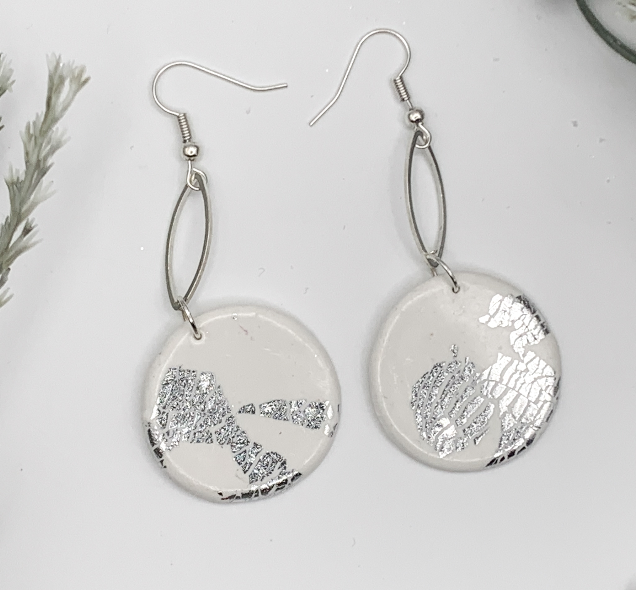 Understated elegance with a twist! These round clay earrings feature delicate silver foil accents and elongated oval connectors for a chic, airy look.
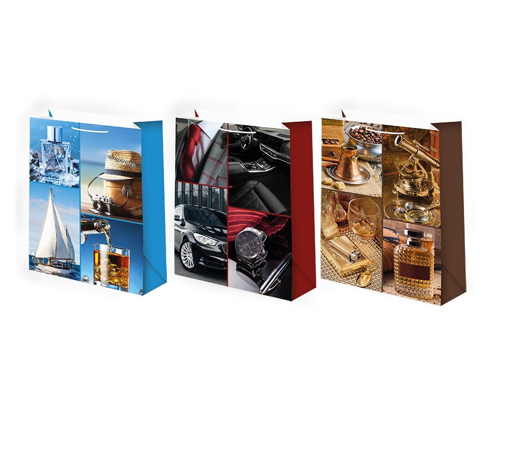 Пакет подарочный бумажный 33*45*10 см, Мужской микс
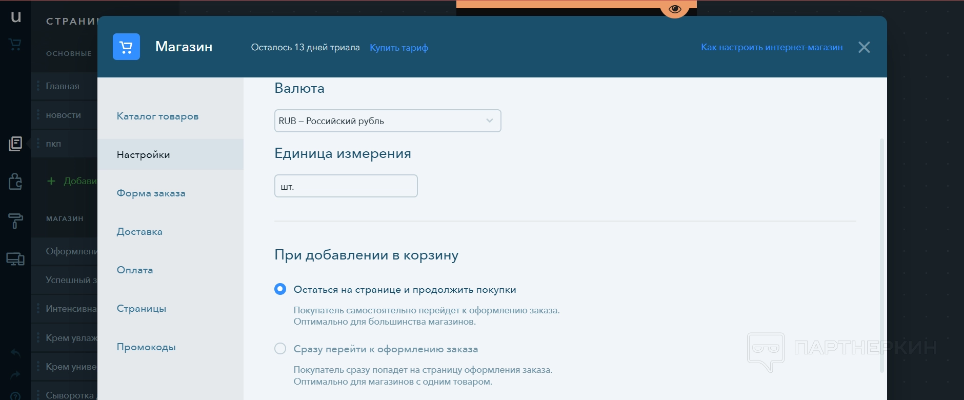 Настройки — в этом подразделе можно настроить валюту для оплаты товара, единицу измерения товара, а также то, что будет происходит со страницей клиента при добавлении товара в корзину. Например, он будет либо сразу переходить к оформлению, либо останется на странице и продолжить покупки.
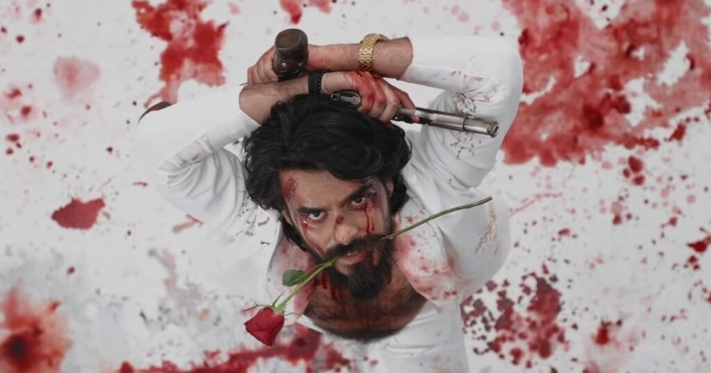 প্রথম প্রকাশিত ফার্স্ট লুক দেখাচ্ছে এক ভয়ংকর ও লোমহর্ষক দৃশ্য। ধবধবে সাদা রঙের একটি ঘরের মেঝেতে ছোপ ছোপ রক্তের দাগ, আর মাঝখানে রক্তে ভরা একটি বাথটাব, যেখানে নিথর পড়ে আছে একটি বাঘ। এ সময় ছবিতে দেখা যায়, বাথটাবের পাশে সাদা স্যুট-বুট পরা এক ব্যক্তি দাঁড়িয়ে, যার হাতে রয়েছে চায়নিজ কুড়াল ও পিস্তল। যদিও বাঘটি মৃত, তবুও সেই ব্যক্তি গুলি ছুড়ছেন সেদিকে। তার চোখেমুখে রয়েছে বিষাদের ছাপ, তবে দাঁত কামড়িয়ে ধরে রাখা গোলাপফুল স্পষ্ট করে বলে দিচ্ছে যে, এই চলচ্চিত্রে প্রেম আর ধ্বংসের এক অদ্ভুত মিশেল দেখানো হবে।

> Instructions for the task:
Quote each line of the listing exactly, but leave the pictures out.

> Answer section:
 Understated elegance with a twist! These round clay earrings feature delicate silver foil accents and elongated oval connectors for a chic, airy look.
 Пакет подарочный бумажный 33*45*10 см, Мужской микс
 Настройки — в этом подразделе можно настроить валюту для оплаты товара, единицу измерения товара, а также то, что будет происходит со страницей клиента при добавлении товара в корзину. Например, он будет либо сразу переходить к оформлению, либо останется на странице и продолжить покупки.
 প্রথম প্রকাশিত ফার্স্ট লুক দেখাচ্ছে এক ভয়ংকর ও লোমহর্ষক দৃশ্য। ধবধবে সাদা রঙের একটি ঘরের মেঝেতে ছোপ ছোপ রক্তের দাগ, আর মাঝখানে রক্তে ভরা একটি বাথটাব, যেখানে নিথর পড়ে আছে একটি বাঘ। এ সময় ছবিতে দেখা যায়, বাথটাবের পাশে সাদা স্যুট-বুট পরা এক ব্যক্তি দাঁড়িয়ে, যার হাতে রয়েছে চায়নিজ কুড়াল ও পিস্তল। যদিও বাঘটি মৃত, তবুও সেই ব্যক্তি গুলি ছুড়ছেন সেদিকে। তার চোখেমুখে রয়েছে বিষাদের ছাপ, তবে দাঁত কামড়িয়ে ধরে রাখা গোলাপফুল স্পষ্ট করে বলে দিচ্ছে যে, এই চলচ্চিত্রে প্রেম আর ধ্বংসের এক অদ্ভুত মিশেল দেখানো হবে।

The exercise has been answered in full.